So here I am kindling an inner light...meditating on who she was, this mother of the love of my life. Priscilla was adept at all kinds of mending. She could sew and from the time Stephen and I set out to make a family, she began her shower of love with home made Christmas tree ornaments that were soft and squishy and something safe for a small child to grab and pull...or a dog. The lower branches of the Christmas tree have been decorated with those old fashioned stuffed toys for 28 years. She made quilts for the boys and mended clothing like a pro. Her mending and fixing of things went branching out in lots of directions. She loved old treasures...antique dolls to dress, old chairs to cane and paint...she had the knack of giving life to old used up items and making them new again. She boldly and bravely took on the family homestead at 1 Middle Street in Marblehead after James died. I like to think of that house as one of her life's Opus creations. She discovered some old wallpapers in the attic and managed to redo the first floor living rooms with a brittle but beautiful old paper that would have driven me crazy to work with. Not her. She patiently painted and hung the paper...prepped walls and spackled holes, glazed windows...there was no aspect of restoring that house that she couldn't handle with a little help from Stephen. She adored working with him on do-it-yourself projects right up until her cognitive abilities began to nosedive. She was accomplished and in those years after Jim died while she worked on Middle St., she really seemed to come home to herself. Even the landscaping bent to her will. I sort of felt like a third wheel in the home decorating field and though I grit my teeth and plod through the painting and cleaning that always needs to be done, I can't say it's my favorite activity.
Priscilla loved her friends and participating in all kinds of recreational activities. She enjoyed her excersise programs, walks, meeting for muffins and coffee and going out to eat. She adored music and dancing and in her later years, she enjoyed several trips to Ireland, the islands and a few cruises as well. She had a restless spirit that moved her...her passion was looking at real estate, buying and then fixing it up. When she ran out of projects, she would dream up another place and move on. Each place she left better than it was when she found it. That was the power of her love...to make a place sing and to fill it with people she loved and good food. For Stephen and I and our two boys, Priscilla was an angel.
She was a tireless Grandma and always happy to watch the boys if Stephen and I had to go someplace. She loved shopping thrift stores and finding bargains that she could pass along to us. Her home with Jim in Sandwich NH was our families favorite place to hang out in the summer...providing endless opportunities for fishing, hiking, swimming and sailing on Bear Camp Pond. She kept us in touch with the wildlife that frequented the area while we dreamed of and prepared a way for ourselves to move to a more rural northcountry. Priscilla supported our dreams and family visions and helped us purchase our first home at a time when owning a home was near impossible and interest rates were up to 18%. She attended most of the passages our boys made through school and sports and she clearly loved us with a large heart.
When she was unable to care for herself independently, she came to Maine to live with us. While she was with us, Stephen built a beautiful new pine apartment in the walkout basement of our home and she helped him by holding up the boards as he nailed them. She was always ready to lend her hands to help with all kinds of projects. We had visions of her living out her life with us assisting her in daily activities. This dream wasn't meant to be and after 6 months, it was clear that her needs were more than we could provide for and her dementia was not going to improve. Sadly we came to the moment of putting her in a home...something she repeatedly begged us not to do. She had witnessed the slow death of her own mother by dementia and made us promise we wouldn't do the home thing to her. She was always in the market for a little place of her own but I'm afraid living at Ledgeview was not her idea of a nice little place. The move broke all of our hearts.
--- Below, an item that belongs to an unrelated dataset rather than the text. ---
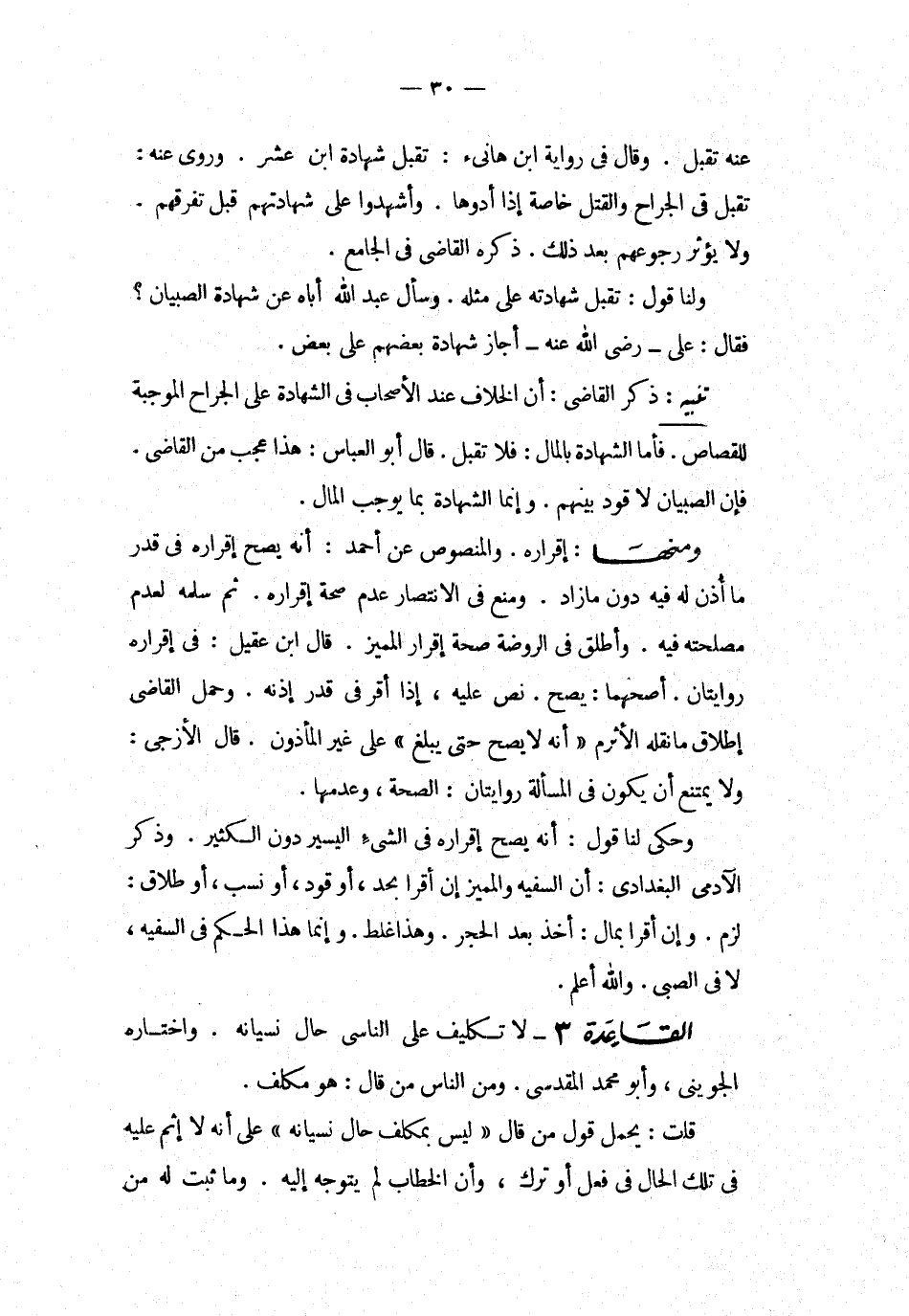 القاعدة 3 لا تكليف على الناسى حال نسيانه واختاره الجوينى فى تلك الحال فى فعل أو ترك وأن الخطاب لم يتوجه إليه وما ثبت له من

As we sat with her in her last moments, I found myself saying I'm sorry...hoping for her forgiveness. Stephen and I both struggled with the guilt of being responsible for her ending up in the very place she begged us to avoid. There was our desire to be angels for her and then there was the reality and magnitude of her care. I know in her dementia, she was unable to forgive us. But Sunday night into Monday Morning, perhaps her oversoul hovered above because when it came to the moment of saying Goodbye, I felt forgiven and realized she would have hated it if we had given up the flow of our own lives to make her disease the centerpiece of all of our lives. I also found myself saying Thank You...because her other life's work was the sustaining nurturance of my beloved for in her relationship to him, he was able to know and love me.
So today, as the fire burns...I allow myself to go deeply into my gratitude for Priscilla's life and to see the parchment skinned hands that touched our lives with grace and beauty and love. She has taught me about the thread that connects heart to heart...the tiniest filament that sends instant communication to those that are part of us. Her timing was impeccable and all 4 of us were able to sit beside her during her last moments before she let go. I only hope we were her angels at long last.